GLBT activists are calling foul to a hidden Google Doodle celebrating June pride month.
Google doodles have for years celebrated a myriad of different events, from Alfred Hitchcock’s birthday to Braille. This June for pride month Google tipped its hat to the rainbow, but instead of placing the doodle on the homepage as is standard practice, it is only viewable if the user searches a “gay” term. Words like “gay,” “transgender,” “queer,” “lgbt,” and related terms bring out the rainbow. Terms of any complexity, like “gay rights,” show no doodle.
“During the month of June, Google is celebrating lesbian, gay, bisexual and transgender (LGBT) Pride,” said Google in an e-mail. “For some Pride-related search queries, we are showing a rainbow at the end of the search bar.”

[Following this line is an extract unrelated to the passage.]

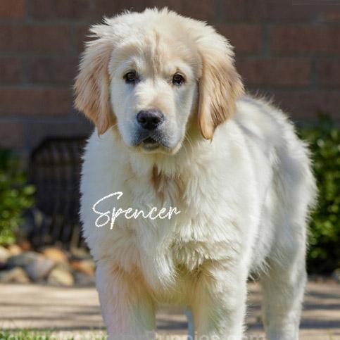 Spencer the Golden Retriever weighed 63 pounds at his 5 monrh checkup, yesterday at 6 months he's 73 pounds. Vet says a 100 pounder for sure (or more.) He's just one big goofball..

Critics say it is a way to shield anti-gay searchers from seeing the logo.
“Try even the slightest modifications to those terms — “transgender pride,” “lesbian empowerment” — and the rainbow disappears as though it was never there,” wrote Nicholas Jackson, an out gay man, in The Atlantic. “This should keep the six-color rainbow, a symbol universally associated with gay pride ever since San Francisco artist Gilbert Baker created it 33 years ago, from appearing on the pages of those who are still opposed to gay rights.”
Doodles started in 1998 and have featured over 300 designs in the U.S. alone. Popular ones include a playable version of Pac-Man and one made of interactive bouncing balls. This is the first time a doodle has acknowledged Pride month.